Удивительно, что у Асталье хватило на это мозгов.
В сердцах хотелось закричать: ложь! всё это бесстыжая ложь! – но я сдержалась. И лишь посмотрела на дедушку, всем видом показывая, что мне есть что сказать.
Дедушка это заметил и снова обратился к Асталье:
– Ты хочешь сказать, что Фирентия начала бить тебя и Велезака безо всякой причины?
– Ну, это…
Увы, быстро придумать ложь ему ума не хватило.
Дела семьи не терпят таких тупоголовый и безалаберных людей. Конечно, среди них есть и физическая работа – но и та требует знаний, к тому же крайне тяжелая.
– Фирентия с самого начала нас ненавидела… – в отчаянии заговорил Велезак, чтобы перетянуть ситуацию в свою пользу. Конечно, ведь от Асталье такого не дождешься.
Уголки моих губ на мгновение дрогнули в молчаливой улыбке.
– Не лезь в чужой разговор, Велезак.
Потому что дедушка ненавидит это больше всего. И лишь поэтому я сдерживалась, не доказывая, что все это – несправедливо.
– Кто научил тебя таким отвратительным манерам?
Велезак, который только-только перестал плакать, от его резкого тона вновь разрыдался. Но даже пикнуть не смог о том, что он напуган.
– Продолжай, Асталье.
Мальчик занервничал. Теперь, когда он не смог придумать достойное оправдание, то вновь зарылся лицом в одежду отца, Лореля, и тоже заплакал.
Отлично.
Обычная реакция детей на строгость дедушки. Невероятная сила и харизма Лулака Ломбарди порой заставляла дрожать даже взрослых.
Как и остальные дети Ломбарди, я с детства виделась с дедушкой, поэтому меня это не трогало. В то время как другие и глаз поднять боялись.
– Фирентия, – я чувствовала, как руки отца напряженнее обвили мои плечи, стоило дедушке окликнуть меня. – Теперь ты говори.
Хоть он и спросил, в его голосе чувствовался скептицизм. Он не ожидал от меня ответа. Естественно.
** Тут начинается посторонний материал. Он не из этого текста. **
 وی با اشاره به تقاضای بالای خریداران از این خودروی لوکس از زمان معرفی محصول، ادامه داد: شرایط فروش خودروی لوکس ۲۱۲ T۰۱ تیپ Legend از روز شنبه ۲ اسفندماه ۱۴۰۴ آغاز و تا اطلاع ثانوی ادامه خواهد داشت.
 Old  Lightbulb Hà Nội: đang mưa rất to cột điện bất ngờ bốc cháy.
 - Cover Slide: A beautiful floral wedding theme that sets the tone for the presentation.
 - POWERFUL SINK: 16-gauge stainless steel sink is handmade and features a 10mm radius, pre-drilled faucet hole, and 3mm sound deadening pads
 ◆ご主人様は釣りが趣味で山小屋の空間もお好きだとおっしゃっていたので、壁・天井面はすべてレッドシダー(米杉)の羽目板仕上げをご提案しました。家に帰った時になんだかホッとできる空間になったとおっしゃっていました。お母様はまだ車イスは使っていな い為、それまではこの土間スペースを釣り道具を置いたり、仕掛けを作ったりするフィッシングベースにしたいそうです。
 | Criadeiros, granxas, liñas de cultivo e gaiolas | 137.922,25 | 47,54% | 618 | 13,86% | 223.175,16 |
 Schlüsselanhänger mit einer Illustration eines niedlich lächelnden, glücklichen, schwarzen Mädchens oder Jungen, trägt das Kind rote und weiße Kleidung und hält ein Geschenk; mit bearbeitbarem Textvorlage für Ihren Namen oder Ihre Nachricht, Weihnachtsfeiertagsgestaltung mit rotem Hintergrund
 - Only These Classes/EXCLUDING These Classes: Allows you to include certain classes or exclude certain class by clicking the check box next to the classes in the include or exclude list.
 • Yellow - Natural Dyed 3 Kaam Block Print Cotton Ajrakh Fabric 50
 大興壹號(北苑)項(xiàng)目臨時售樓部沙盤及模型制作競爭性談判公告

Ведь изначальная я, Фирентия, была чертовски робким ребенком. И не только из-за нежного характера отца: в конце концов издевательство двоюродных братьев не могли пройти бесследно.
Но я, взглянув прямо дедушке в глаза, уверенно ответила:
– Я не сделала ничего дурного.
– Из-за тебя мой сын в таком состоянии!..
– Виз! – гневно рявкнул дедушка.
Виз, который, казалось, был готов разорвать меня голыми руками, успокоился и поник, вжав голову в плечи. Он не смог сдержать эмоции и ворвался в чужой разговор, совсем как сын, которого лишь минуту назад за это отругали.
Яблоко от яблони недалеко падает.
– Продолжай, – спокойнее, но не менее грозно, молвил дедушка.
И что-то мелькнуло в глубине его глаз. За привычным и поверхностным холодом.
– Я ждала здесь своего отца. Затем вдруг пришли Велезак и Асталье. Начали насмехаться и называть «полукровкой», а когда я сказала прекратить – ударили меня.
– Тебя ударили? Кто?
– Велезак, – вскинув указательный палец, показала я на мальчишку. – Ещё он назвал меня простолюдинкой и сказал возвращаться в деревню.
Хоть я и не видела, я знала, какое выражение лица у моего отца, выслушивающего этого все. Это больно, но мне необходимо было рассказать, как здесь со мной обращались.
Прости, отец.
Пожалуйста, потерпи немного.
– И ты ударила Велезака за это?
– Нет.
– Тогда почему ты его ударила?
– Велезак… – я вдохнула, прежде чем продолжить говорить: – Потому что Велезак сказал, что я не Ломбарди.
Дедушка молча, но внимательно смотрел на меня своими карими глазами. Они казались невзрачными, пока не начинаешь в них вглядываться: в них читалась мудрость лет и природная проницательность.
– Это правда, что я полукровка.
Моя мать так и не получила фамилию Ломбарди до смерти, поэтому я была благородной лишь наполовину. И не собиралась отрицать этого.
– Но несмотря на это я Ломбарди. Ломбарди, признанная дедушкой.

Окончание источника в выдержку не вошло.